Example usage: _ TODO: Documentation says this RFC is supported, but what config or type-map contents would result in this status code?_ |RFC 2295 Section 8 |
507
Insufficient Storage
Part of the http status code extensions for Distributed Authoring (WebDAV). Means the method could not be performed on the resource because the server is unable to store the representation needed to successfully complete the request. Also known to be used by other applications, such as Microsoft Exchange.
510
Not Extended
Part of the http status code extensions for An HTTP Extension Framework. See link for details.
RFC 2774 Section 7
To get more details on the complete meaning of these codes you should consult the RFC 2616 Section 10.

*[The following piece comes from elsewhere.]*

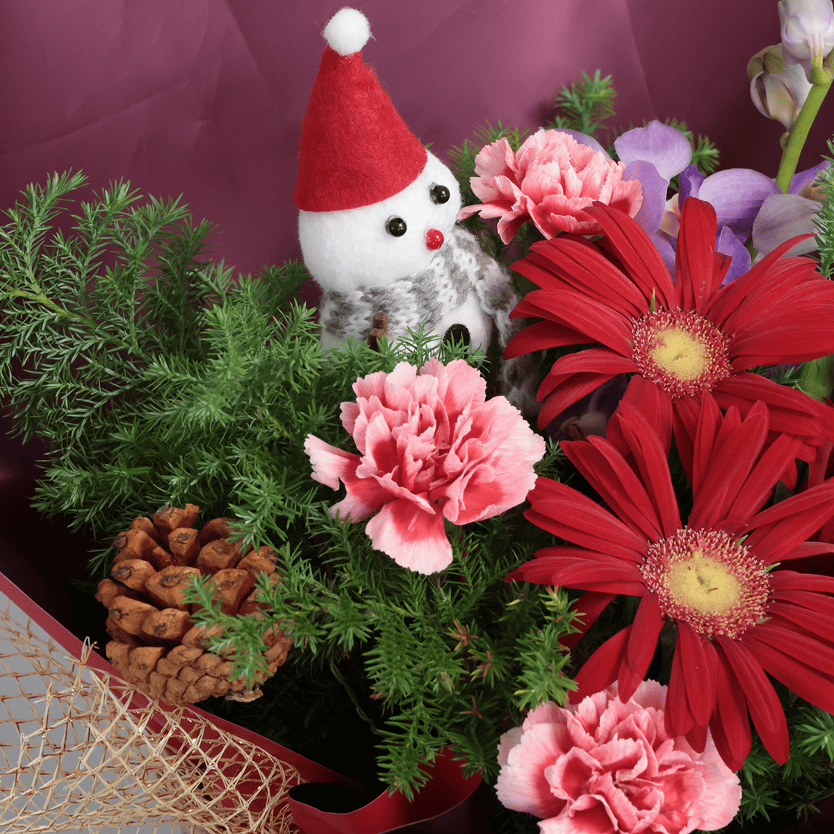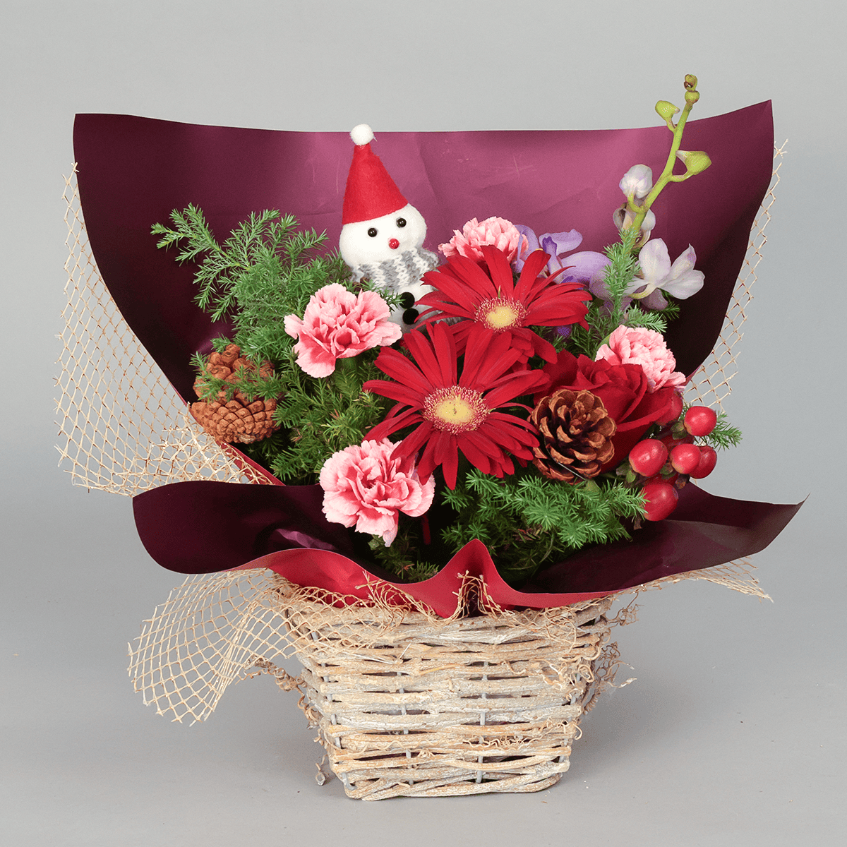 真っ赤なガーベラやカーネーションが彩る、にぎやかであたたかなクリスマスアレンジメントです。

HTTP status codes can be found in the Apache HTTPD logfiles, this example shows a request that results in a '200' response code:
127.0.0.1 - foo [21/Jul/2011:13:37:42 +0100] "GET /bar HTTP/1.1" 200 23674
Remember that, in the case of an error status code (4xx or 5xx), there will almost always be more details available in the Apache error log. See DistrosDefaultLayout if you don't know where that file is kept.